April 14, 2023

Staggered Quota Quarters: A CFO's View

by

Randall Bolten and Bob Berry

Staggered Quota Quarters Part I: A CFO’s View (Part One)

This month we step away from the Deadly Sins of Incentive Compensation to discuss a truly interesting suggestion about quota structure, from the Sales VP at one of our clients. At his company, regional sales quarters are staggered, so if there are, say, three regions in the company, each region’s quarters end in a different month. Here’s what that company’s quota quarters might look like for fiscal 2016 (with a 12/31 fiscal year):

Staggered Quota Quarters

What do you think? I see the following advantages to this approach:

1.     More predictable bookings/revenue flow. Because salespeople often work best when they’re under quota pressure, many enterprises see a high concentration of revenues at quarter-ends, which can often lead to quarterly results significantly more or less than was expected. That lumpiness can be smoothed out by having about one-third of the sales force face an end-of-quarter in each month of the year.

2.     Smoother product delivery. For enterprises that deliver a physical product (as opposed to, say, software), the smoother order flow puts less strain on their manufacturing and shipping capabilities.

3.     Availability of key sales resources. In high-pressure sales closes, scarce and critical resources include the most articulate pre-sales specialists, senior managers to show the flag and make deal decisions, and legal and financial specialists to negotiate terms & conditions. These resources aren’t stretched as thin when quota quarters are staggered.

But I also see the following risks:

A.    Confusion and lack of focus. The approach is complicated, and a quarter-end can no longer serve as a rallying point to get the entire enterprise focused on a single goal.

B.    Administrative overload. For administrative functions, three small monthly “fire drills” – for determining revenue recognition and processing sales compensation, for example – may be more time-consuming and inefficient than a single bigger one each calendar quarter.
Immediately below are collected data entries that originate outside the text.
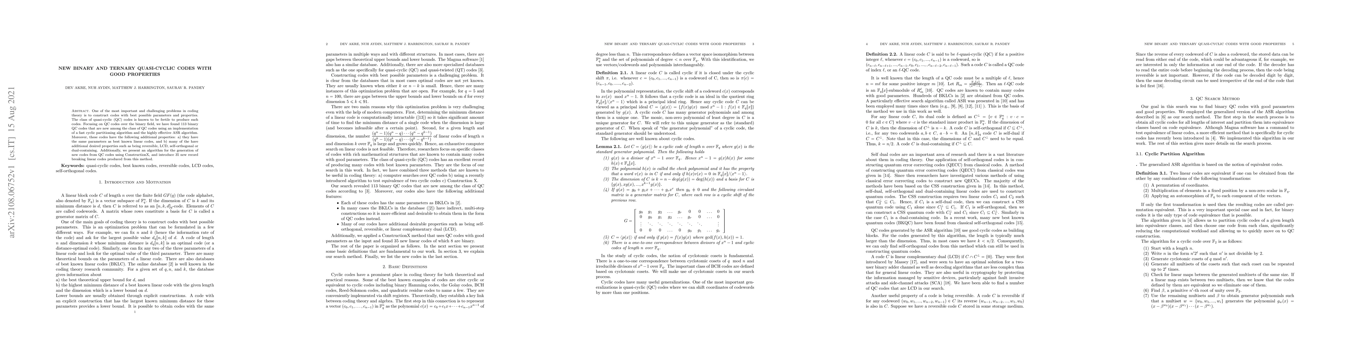 Researchers developed 113 new binary quasi-cyclic codes with optimal parameters, some with additional desirable properties like reversibility and self-orthogonality. These codes were generated using a fast partitioning algorithm and ConstructionX.
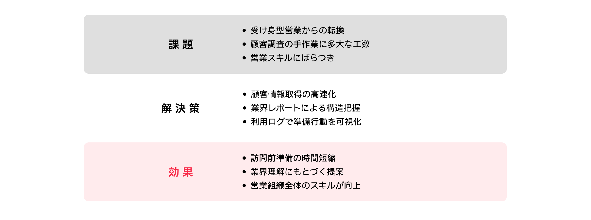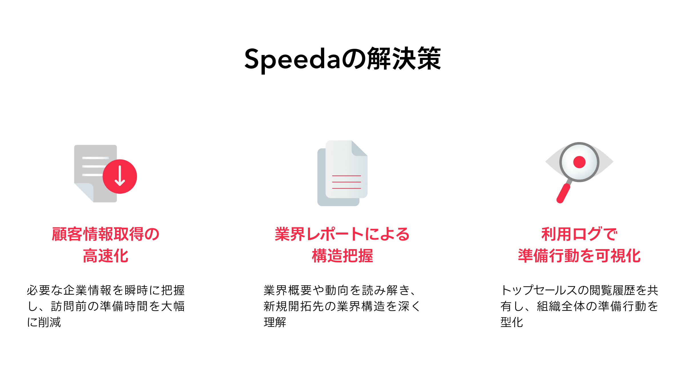 そのための大前提として重要なのがお客様を知ること。そしてお客様のお客様を知ること。でも「調べること」に時間を割いていたのでは、最も重要な「考えること」に時間を使えなくなります。だから、情報を効率的かつ確実に抑えるためのツールとして、スピーダ 営業リサーチは不可欠でした。
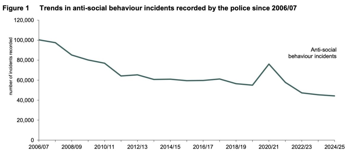 Voici quelques données similaires provenant d’Irlande du Nord sur les « incidents de comportement antisocial », car ils ont justement suivi ces derniers :
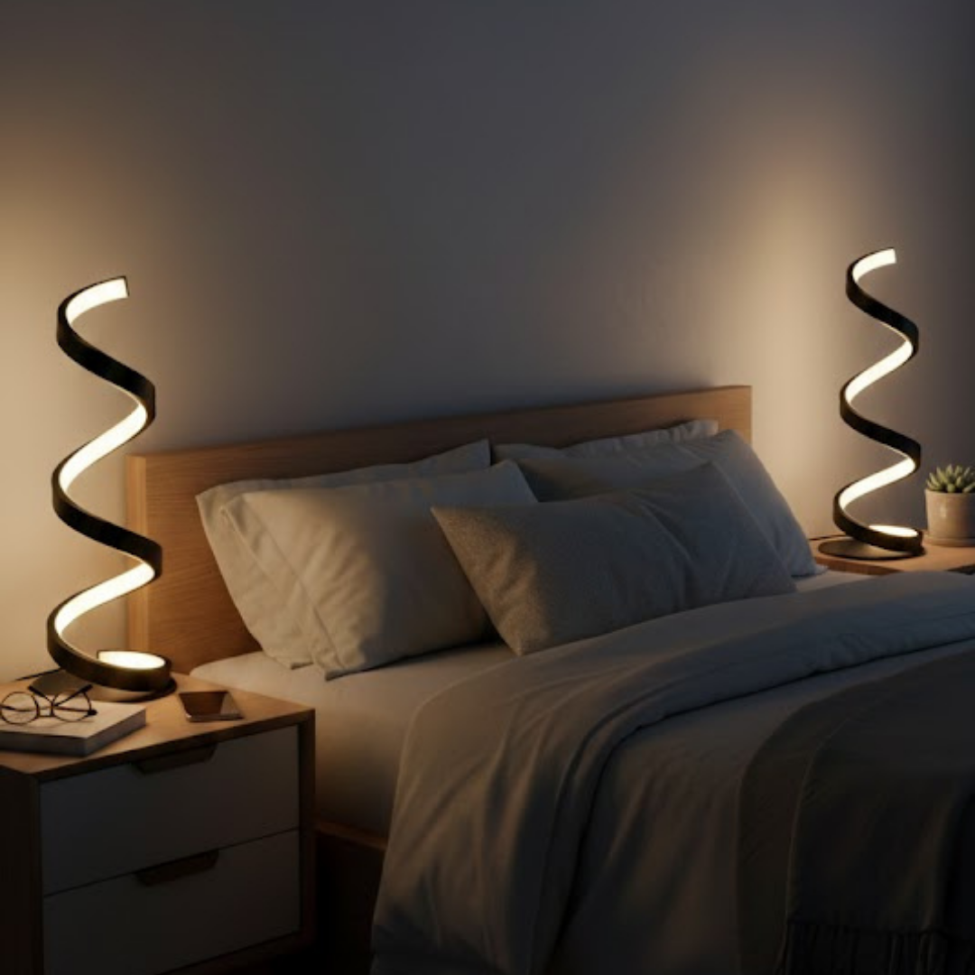 Modern spiral tasarım, yumuşak LED ışık ve dekoratif duruşuyla bu ürün, klasik masa ve gece lambalarına göre çok daha estetik bir deneyim sunar.

C.    Senior management willpower? Regardless of how the enterprise manages its sales force, it must deliver its financial results according to its fiscal year (and fiscal quarters). The benefits of having staggered quota quarters will be completely lost if the C-suite ends up pressing salespeople to bring in business even when that month isn’t the end of their quota quarter.

My concern is that the last reason above - revenue pressures on senior management - can trump all other reasons. So as interesting an idea as staggered quota quarters is, I would only recommend the approach for enterprises that aren't publicly traded, and that have had little difficulty achieving quarterly corporate sales targets.